Data →
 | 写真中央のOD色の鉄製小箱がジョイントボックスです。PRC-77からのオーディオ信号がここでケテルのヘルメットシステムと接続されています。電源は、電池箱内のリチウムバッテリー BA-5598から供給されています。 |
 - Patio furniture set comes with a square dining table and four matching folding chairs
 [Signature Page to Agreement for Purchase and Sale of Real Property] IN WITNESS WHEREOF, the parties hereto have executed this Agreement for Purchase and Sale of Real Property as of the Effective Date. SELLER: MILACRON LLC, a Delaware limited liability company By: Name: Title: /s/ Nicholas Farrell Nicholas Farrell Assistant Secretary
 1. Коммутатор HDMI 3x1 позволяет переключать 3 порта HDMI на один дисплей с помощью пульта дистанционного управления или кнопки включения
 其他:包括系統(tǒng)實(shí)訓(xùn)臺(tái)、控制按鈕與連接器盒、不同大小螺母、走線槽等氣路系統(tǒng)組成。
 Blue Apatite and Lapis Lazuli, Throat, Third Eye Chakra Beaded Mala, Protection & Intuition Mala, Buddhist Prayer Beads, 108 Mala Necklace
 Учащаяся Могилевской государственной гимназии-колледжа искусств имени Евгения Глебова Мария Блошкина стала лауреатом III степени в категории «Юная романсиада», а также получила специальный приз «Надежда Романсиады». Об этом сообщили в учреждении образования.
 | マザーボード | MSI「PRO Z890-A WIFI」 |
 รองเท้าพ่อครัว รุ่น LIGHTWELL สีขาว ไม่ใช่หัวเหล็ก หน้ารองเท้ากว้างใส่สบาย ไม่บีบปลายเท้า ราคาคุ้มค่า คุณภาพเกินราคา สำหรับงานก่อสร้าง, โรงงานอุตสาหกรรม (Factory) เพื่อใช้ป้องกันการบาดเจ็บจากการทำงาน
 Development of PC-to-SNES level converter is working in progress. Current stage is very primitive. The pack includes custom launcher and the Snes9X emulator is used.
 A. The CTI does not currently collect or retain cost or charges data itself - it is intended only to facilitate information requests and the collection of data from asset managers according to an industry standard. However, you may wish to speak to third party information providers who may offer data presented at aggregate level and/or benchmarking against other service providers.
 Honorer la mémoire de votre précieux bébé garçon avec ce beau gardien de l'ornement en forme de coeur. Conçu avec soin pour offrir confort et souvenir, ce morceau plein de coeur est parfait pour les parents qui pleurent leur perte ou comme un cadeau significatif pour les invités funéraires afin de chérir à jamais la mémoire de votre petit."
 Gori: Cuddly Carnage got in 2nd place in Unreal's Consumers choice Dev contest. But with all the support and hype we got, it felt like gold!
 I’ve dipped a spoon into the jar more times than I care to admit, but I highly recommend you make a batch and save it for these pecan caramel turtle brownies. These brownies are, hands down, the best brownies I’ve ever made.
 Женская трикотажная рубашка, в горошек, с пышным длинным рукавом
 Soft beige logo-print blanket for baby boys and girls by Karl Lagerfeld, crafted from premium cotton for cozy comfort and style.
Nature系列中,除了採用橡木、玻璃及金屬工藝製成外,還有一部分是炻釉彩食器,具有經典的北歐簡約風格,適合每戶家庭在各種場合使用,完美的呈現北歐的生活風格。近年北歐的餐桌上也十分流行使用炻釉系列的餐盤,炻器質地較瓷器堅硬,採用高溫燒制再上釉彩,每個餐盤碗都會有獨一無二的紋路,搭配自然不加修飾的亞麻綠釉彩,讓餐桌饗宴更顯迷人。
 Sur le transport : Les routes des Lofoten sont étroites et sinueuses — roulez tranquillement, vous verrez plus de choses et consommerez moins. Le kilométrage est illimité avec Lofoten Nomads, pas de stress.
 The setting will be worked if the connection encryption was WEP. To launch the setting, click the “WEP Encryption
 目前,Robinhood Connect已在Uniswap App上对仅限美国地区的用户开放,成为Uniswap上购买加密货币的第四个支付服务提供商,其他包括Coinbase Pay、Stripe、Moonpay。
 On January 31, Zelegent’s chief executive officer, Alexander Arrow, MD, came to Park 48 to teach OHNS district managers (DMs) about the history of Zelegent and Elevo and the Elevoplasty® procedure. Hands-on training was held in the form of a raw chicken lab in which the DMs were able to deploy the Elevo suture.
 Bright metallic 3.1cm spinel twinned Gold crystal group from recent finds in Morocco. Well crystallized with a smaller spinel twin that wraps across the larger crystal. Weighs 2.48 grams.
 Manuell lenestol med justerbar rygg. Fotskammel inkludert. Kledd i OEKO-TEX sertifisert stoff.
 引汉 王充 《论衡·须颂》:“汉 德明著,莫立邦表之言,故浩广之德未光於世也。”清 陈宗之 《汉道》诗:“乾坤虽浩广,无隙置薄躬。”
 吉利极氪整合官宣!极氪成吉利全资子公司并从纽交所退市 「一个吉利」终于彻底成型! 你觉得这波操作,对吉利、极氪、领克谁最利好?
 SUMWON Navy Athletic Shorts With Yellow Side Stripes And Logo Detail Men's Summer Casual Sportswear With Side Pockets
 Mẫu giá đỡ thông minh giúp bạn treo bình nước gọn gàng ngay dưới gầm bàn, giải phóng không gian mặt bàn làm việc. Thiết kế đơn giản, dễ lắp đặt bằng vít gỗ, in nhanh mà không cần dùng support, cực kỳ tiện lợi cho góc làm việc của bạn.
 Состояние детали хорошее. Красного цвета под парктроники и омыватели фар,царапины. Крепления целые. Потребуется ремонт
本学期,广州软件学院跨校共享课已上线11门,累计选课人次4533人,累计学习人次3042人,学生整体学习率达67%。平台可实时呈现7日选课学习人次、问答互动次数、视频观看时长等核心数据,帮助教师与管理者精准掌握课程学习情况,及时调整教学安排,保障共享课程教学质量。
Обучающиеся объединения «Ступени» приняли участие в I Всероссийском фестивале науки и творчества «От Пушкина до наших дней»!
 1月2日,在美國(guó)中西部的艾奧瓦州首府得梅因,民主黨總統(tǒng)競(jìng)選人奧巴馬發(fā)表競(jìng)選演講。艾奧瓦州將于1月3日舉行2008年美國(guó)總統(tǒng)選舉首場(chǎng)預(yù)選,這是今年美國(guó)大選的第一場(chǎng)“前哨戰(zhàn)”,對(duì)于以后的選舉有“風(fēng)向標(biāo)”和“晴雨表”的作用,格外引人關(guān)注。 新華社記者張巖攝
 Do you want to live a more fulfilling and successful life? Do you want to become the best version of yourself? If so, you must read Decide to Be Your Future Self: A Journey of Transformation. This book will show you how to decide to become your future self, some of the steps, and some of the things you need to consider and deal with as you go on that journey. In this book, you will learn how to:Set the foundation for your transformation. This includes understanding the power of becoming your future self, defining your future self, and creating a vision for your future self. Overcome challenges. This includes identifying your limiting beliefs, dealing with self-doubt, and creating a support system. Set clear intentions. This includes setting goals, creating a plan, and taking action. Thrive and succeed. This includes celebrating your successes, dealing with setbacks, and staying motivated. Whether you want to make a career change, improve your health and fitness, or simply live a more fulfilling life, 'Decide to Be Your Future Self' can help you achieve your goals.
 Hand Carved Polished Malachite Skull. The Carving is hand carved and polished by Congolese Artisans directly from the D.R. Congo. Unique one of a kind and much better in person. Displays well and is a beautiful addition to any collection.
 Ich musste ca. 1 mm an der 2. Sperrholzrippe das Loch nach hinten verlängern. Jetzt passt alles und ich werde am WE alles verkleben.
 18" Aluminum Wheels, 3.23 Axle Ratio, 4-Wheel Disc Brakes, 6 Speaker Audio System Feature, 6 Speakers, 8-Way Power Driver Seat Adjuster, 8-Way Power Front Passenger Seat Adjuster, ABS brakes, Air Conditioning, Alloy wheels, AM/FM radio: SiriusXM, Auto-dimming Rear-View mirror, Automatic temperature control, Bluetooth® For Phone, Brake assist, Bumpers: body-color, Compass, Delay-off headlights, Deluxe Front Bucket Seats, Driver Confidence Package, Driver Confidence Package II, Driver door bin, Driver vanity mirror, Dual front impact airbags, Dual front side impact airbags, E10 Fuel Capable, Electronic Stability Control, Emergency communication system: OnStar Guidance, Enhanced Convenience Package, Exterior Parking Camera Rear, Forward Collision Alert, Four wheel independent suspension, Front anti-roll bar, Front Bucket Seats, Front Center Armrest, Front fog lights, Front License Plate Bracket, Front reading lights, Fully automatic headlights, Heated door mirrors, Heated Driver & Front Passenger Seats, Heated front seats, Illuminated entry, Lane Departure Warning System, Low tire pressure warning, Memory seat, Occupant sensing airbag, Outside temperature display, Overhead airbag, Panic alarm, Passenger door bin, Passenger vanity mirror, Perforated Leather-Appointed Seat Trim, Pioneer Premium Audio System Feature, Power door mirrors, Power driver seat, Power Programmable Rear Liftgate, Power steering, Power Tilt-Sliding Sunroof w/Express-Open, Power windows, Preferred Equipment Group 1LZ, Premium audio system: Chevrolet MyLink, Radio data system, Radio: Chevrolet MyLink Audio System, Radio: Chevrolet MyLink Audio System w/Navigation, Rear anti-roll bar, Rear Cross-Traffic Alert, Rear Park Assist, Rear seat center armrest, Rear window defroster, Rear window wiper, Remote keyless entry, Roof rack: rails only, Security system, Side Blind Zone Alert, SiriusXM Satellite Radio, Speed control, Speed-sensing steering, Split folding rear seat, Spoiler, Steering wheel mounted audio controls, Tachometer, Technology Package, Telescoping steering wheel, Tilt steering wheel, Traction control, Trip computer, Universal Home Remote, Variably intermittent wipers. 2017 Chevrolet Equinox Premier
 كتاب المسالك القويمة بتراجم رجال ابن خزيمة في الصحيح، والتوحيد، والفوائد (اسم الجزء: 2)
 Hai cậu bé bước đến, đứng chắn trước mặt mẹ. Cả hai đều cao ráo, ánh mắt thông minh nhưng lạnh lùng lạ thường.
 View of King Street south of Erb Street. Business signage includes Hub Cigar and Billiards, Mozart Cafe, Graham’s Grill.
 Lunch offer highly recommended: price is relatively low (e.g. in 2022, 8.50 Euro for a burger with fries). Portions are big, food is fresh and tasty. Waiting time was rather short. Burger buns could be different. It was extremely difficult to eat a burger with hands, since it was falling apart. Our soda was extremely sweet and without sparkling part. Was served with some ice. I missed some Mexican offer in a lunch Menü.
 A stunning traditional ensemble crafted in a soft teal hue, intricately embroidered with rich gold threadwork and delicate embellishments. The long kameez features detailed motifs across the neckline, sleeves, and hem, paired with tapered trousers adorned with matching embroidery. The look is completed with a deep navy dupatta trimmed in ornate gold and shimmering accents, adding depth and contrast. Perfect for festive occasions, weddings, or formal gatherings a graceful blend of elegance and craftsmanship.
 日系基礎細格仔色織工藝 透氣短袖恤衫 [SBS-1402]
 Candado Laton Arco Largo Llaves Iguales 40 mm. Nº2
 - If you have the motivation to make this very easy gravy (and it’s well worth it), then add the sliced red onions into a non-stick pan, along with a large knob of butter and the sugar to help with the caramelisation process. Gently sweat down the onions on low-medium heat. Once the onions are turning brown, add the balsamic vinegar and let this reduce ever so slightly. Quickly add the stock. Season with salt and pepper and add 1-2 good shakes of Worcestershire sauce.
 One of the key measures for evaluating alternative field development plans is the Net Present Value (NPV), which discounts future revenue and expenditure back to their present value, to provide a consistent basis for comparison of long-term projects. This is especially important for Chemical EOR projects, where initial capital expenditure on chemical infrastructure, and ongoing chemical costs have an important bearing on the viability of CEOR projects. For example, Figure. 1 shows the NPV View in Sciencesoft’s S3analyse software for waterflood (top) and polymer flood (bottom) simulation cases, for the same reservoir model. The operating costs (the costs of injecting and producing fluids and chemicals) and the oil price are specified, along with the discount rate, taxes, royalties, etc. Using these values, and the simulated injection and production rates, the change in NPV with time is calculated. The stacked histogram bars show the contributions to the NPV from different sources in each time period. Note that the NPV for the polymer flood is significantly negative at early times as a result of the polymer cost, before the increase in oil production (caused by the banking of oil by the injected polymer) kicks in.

Directions →
Find every line in the records that contains the word "highly"; copy those lines.

Your solution →
 I’ve dipped a spoon into the jar more times than I care to admit, but I highly recommend you make a batch and save it for these pecan caramel turtle brownies. These brownies are, hands down, the best brownies I’ve ever made.
 Lunch offer highly recommended: price is relatively low (e.g. in 2022, 8.50 Euro for a burger with fries). Portions are big, food is fresh and tasty. Waiting time was rather short. Burger buns could be different. It was extremely difficult to eat a burger with hands, since it was falling apart. Our soda was extremely sweet and without sparkling part. Was served with some ice. I missed some Mexican offer in a lunch Menü.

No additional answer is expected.